▶ Brief: Please repeat, exactly and without pictures, the lines of the entries below that run from the one containing "Kharkiv IT Cluster" through the one containing "将系统的程序按工作方式和功能".

▶ Records for the task:
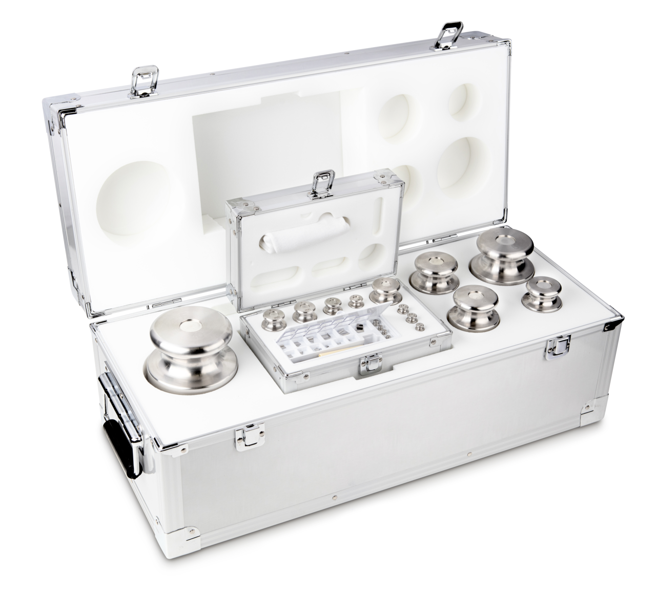 F2 1 mg – 10 kg Gewichtsatz im Aluminiumetui, Edelstahl feingedreht
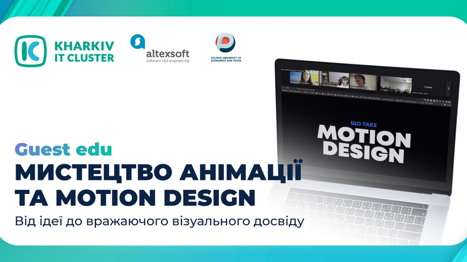 Kharkiv IT Cluster висловлює вдячність Козирському Богдану —Motion Designer, CG Generalist у компанії AltexSoft, за цікаву й пізнавальну лекцію. Завдяки його знанням, багато учасників змогли дізнатися більше про професійні аспекти дизайну, а також надихнулися на нові ідеї для власної роботи.Довідка:
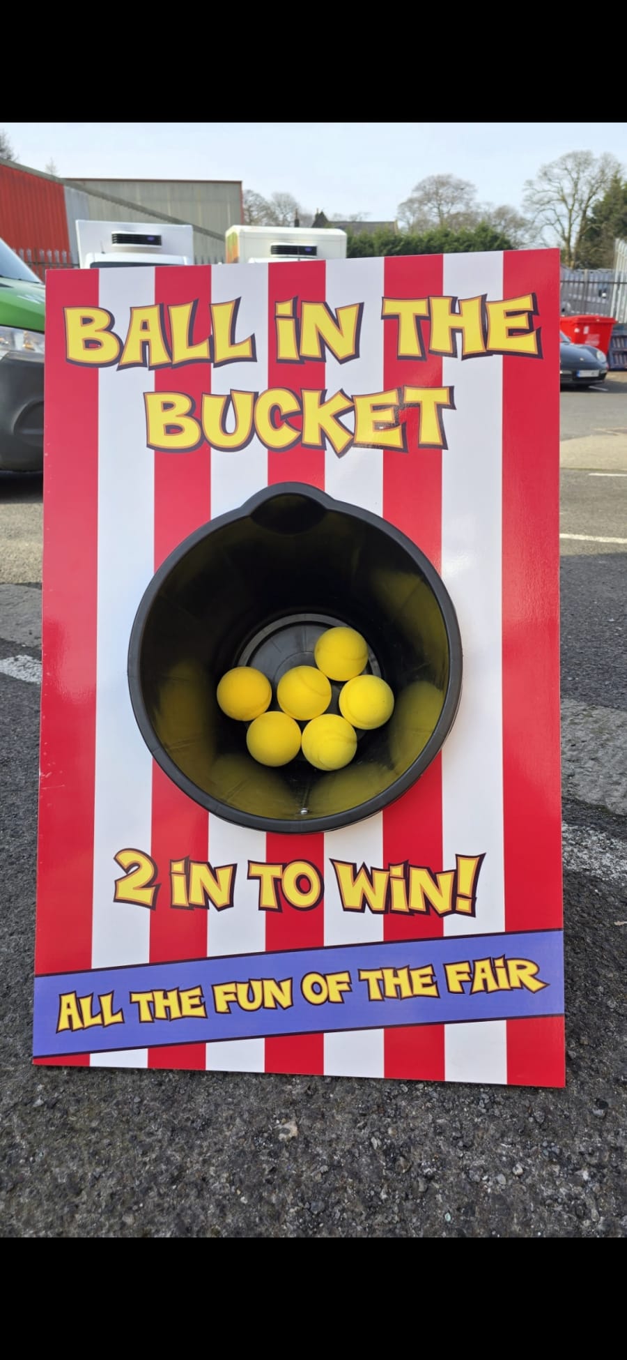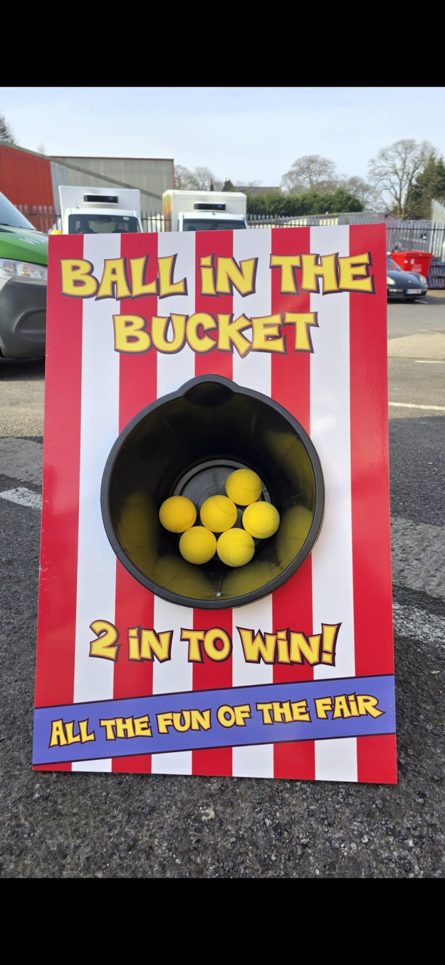 Bring simple, addictive fun to your next event with our Ball In The Bucket (New). A classic fairground challenge with a fresh twist — players must throw 2 balls into the bucket to win a surprise prize. Perfect for school fetes, birthday parties, community events, and private hires, this game is easy to set up, quick to play, and loved by kids and adults alike. 🎉
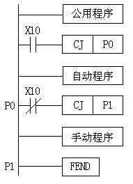 将系统的程序按工作方式和功能分成若干部份,如:公共程序、手动程序、自动程序等部份。手动程序和自动程序是不同时执行的,所以用跳转指令将它们分开,用工作方式的选择信号作为跳转的条件。如图所示为一个典型的具有多种工作方式的系统的程序的总体结构。选择手动工作方式时X10为“1”状态,将跳过自动程序,执行公用程序和手动程序;选择自动工作方式时X10为“0”状态,将跳过手动程序,执行公用程序和自动程序。确定了系统程序的结构形式,然后分别对每一部份程序进行设计。
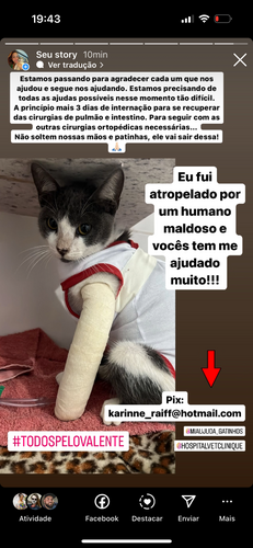 Eu sou Karinne Raiff, criei essa vaquinha para arrecadar R$7.000,00 para ajudar no tratamento do Valente, um gatinho de rua que foi brutalmente atropelado e largado na rua. Os custos estão altos e estamos fazendo o que está até além do nosso alcance, mas não poderíamos deixar ele naquele estado, e não estamos com condições de arcar com os gastos. Eu peço de coração a ajuda de todos e desde já eu sou eternamente grata a todos que puderem nos ajudar!
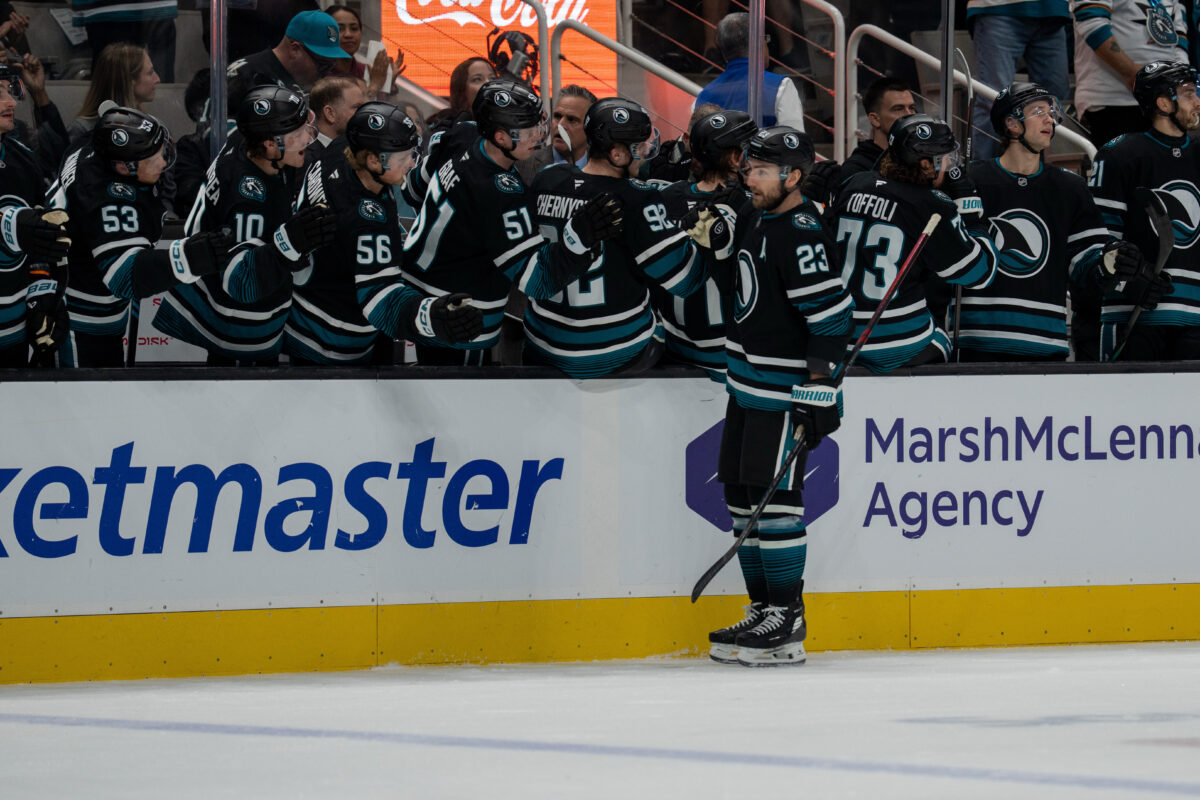 Dec 16, 2025; San Jose, California, USA; San Jose Sharks center Barclay Goodrow (23) celebrates with teammates after the goal against the Calgary Flames during the first period at SAP Center at San Jose. Mandatory Credit: Neville E. Guard-Imagn Images

▶ Your response:
 Kharkiv IT Cluster висловлює вдячність Козирському Богдану —Motion Designer, CG Generalist у компанії AltexSoft, за цікаву й пізнавальну лекцію. Завдяки його знанням, багато учасників змогли дізнатися більше про професійні аспекти дизайну, а також надихнулися на нові ідеї для власної роботи.Довідка:
 Bring simple, addictive fun to your next event with our Ball In The Bucket (New). A classic fairground challenge with a fresh twist — players must throw 2 balls into the bucket to win a surprise prize. Perfect for school fetes, birthday parties, community events, and private hires, this game is easy to set up, quick to play, and loved by kids and adults alike. 🎉
 将系统的程序按工作方式和功能分成若干部份,如:公共程序、手动程序、自动程序等部份。手动程序和自动程序是不同时执行的,所以用跳转指令将它们分开,用工作方式的选择信号作为跳转的条件。如图所示为一个典型的具有多种工作方式的系统的程序的总体结构。选择手动工作方式时X10为“1”状态,将跳过自动程序,执行公用程序和手动程序;选择自动工作方式时X10为“0”状态,将跳过手动程序,执行公用程序和自动程序。确定了系统程序的结构形式,然后分别对每一部份程序进行设计。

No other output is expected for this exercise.